Pnrr e aborto, l’Ue prende le distanze

19.04.2024
Pnrr e aborto, l’Ue prende le distanze
Pnrr e aborto, l’Ue prende le distanze

Dalla Commissione europea dicono che non ci saranno fondi del Pnrr utilizzabili per misure come l’inserimento delle associazioni anti-abortiste nei consultori

La Commissione europea prende le distanze dall’emendamento inserito nel decreto Pnrr che apre le porte dei consultori agli esponenti delle associazioni anti-abortiste. Senza entrare nel merito della misura in sé, che in Italia fa discutere e litigare la politica, una portavoce dell’esecutivo europeo ha però precisato che la misura non ha nulla a che vedere con il Piano nazionale di ripresa e resilienza.

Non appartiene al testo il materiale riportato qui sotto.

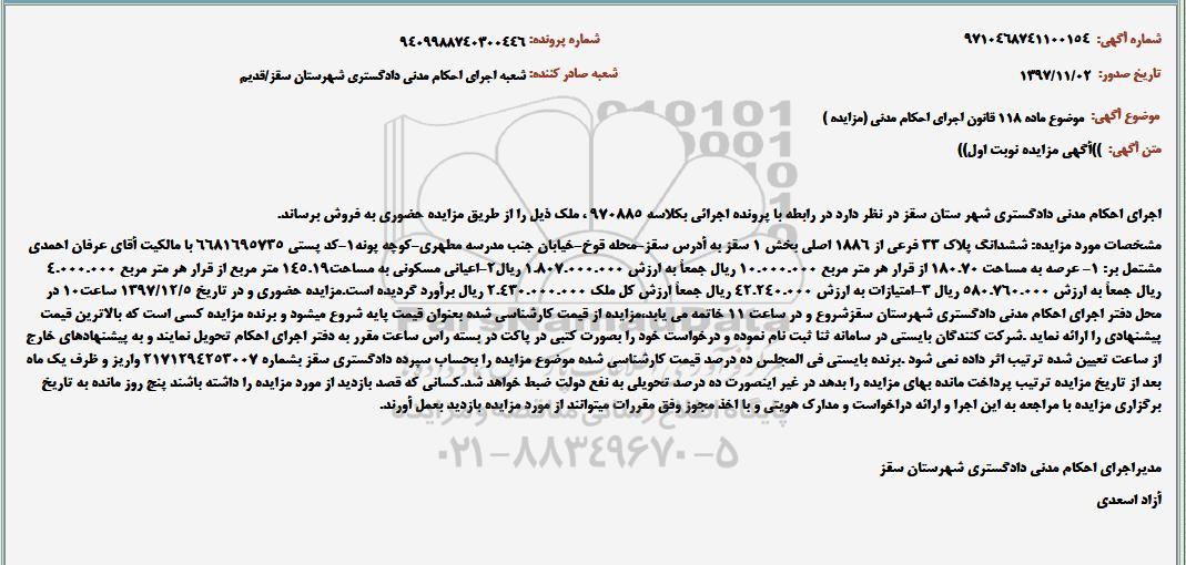 مزایده ملک پلاک 33 فرعی از 1886 اصلی

«Questo decreto contiene delle misure relative alla struttura di governance del Pnrr – ha spiegato la funzionaria Ue – e questi aspetti sono certamente legati al Pnrr. Ma ci sono anche altri aspetti che non hanno nulla a che vedere». Come ad esempio «questa legge sull’aborto».

Si tratta di una precisazione che la Commissione ha voluto fare per chiarire che non saranno certo i fondi del Pnrr a finanziare queste iniziative (che tra l’altro dovrebbero essere portate avanti «senza nuovi o maggiori oneri a carico della finanza pubblica», come recita il testo del provvedimento) e che questa misura non rientra certo tra gli obiettivi richiesti da Bruxelles per poter ottenere le risorse del Recovery.

Al tempo stesso, però, appare alquanto improbabile che l’adozione dell’emendamento possa in qualche modo mettere in discussione l’erogazione dei fondi UE, essendo appunto un provvedimento che «non ha nulla a che vedere» con il piano legato al Next Generation EU, ma che la maggioranza ha arbitrariamente scelto di collegare al decreto per l’attuazione del Pnrr.

Proprio la scorsa settimana l’Europarlamento aveva votato una risoluzione (giuridicamente non vincolante) per chiedere di inserire il diritto all’aborto nella Carta dei diritti fondamentali dell’Ue, passaggio auspicato da Emmanuel Macron a margine del Consiglio europeo di ieri. Ma per farlo è necessario il via libera all’unanimità degli Stati membri e a oggi non sembrano esserci le condizioni. La risoluzione era stata approvata con 336 voti favorevoli, 163 contrari e 39 astenuti. Gli eurodeputati dei tre partiti che sostengono il governo Meloni (tranne alcune eccezioni) si erano schierati per il «no».